Exercise directions — When the data below is printed, every line must match exactly and the images must be absent.

Material provided —
>>>>>
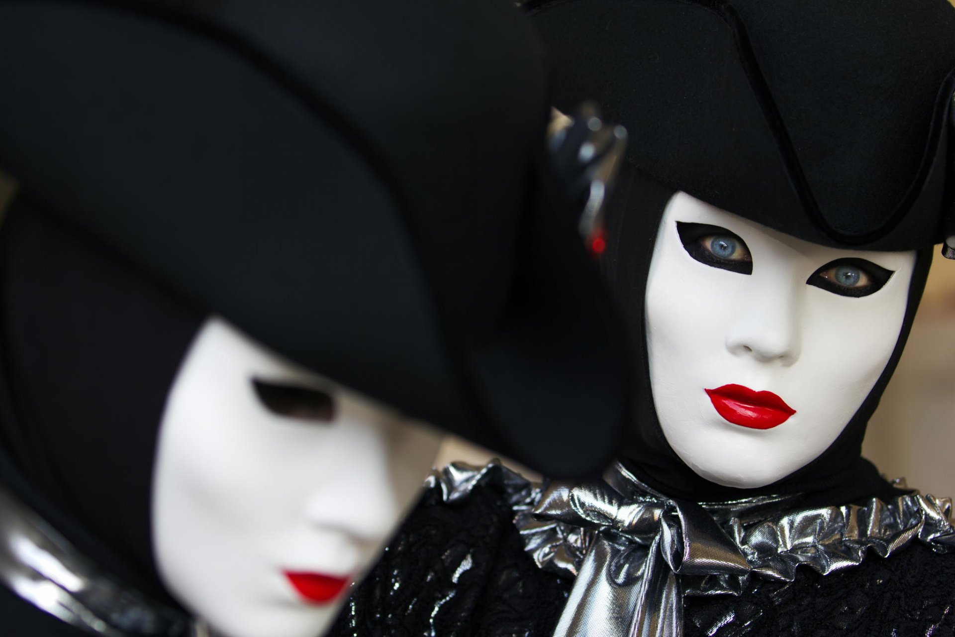 Un look da carnevale con una maschera pallida, occhi e labbra luminosi
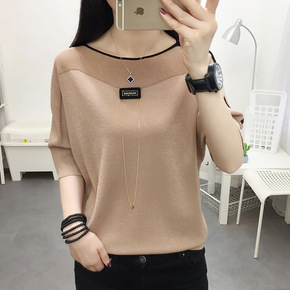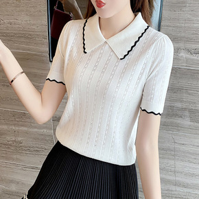 女短袖冰丝t恤女夏季新款勾花镂空薄款针织衫夏装宽松...
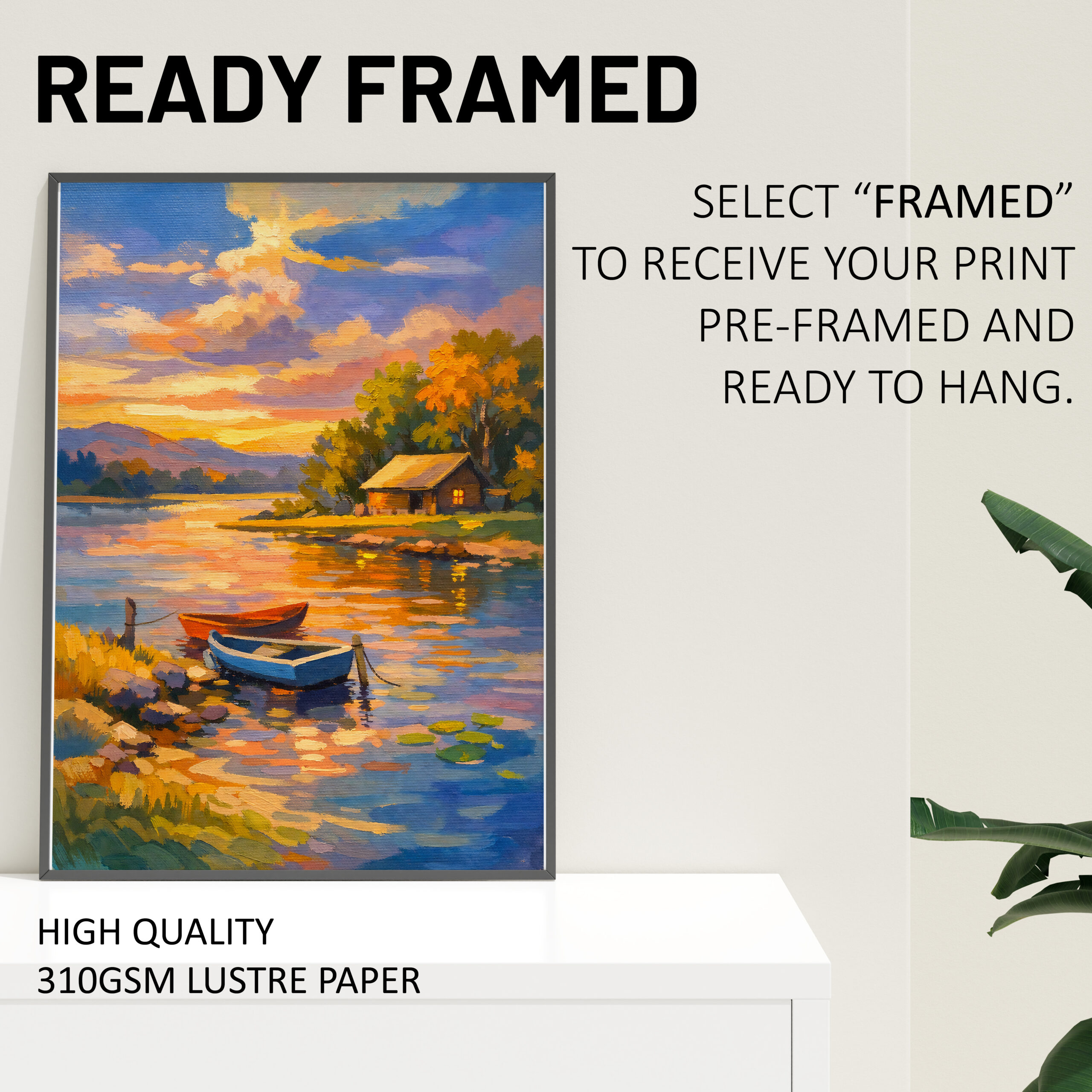 Landscape wall art print featuring a calm lake, small boat, cosy cottage, and warm sunset sky. A peaceful poster for bedrooms, living rooms, hallways, or office decor.
<<<<<
Response area —
 Un look da carnevale con una maschera pallida, occhi e labbra luminosi
 女短袖冰丝t恤女夏季新款勾花镂空薄款针织衫夏装宽松...
 Landscape wall art print featuring a calm lake, small boat, cosy cottage, and warm sunset sky. A peaceful poster for bedrooms, living rooms, hallways, or office decor.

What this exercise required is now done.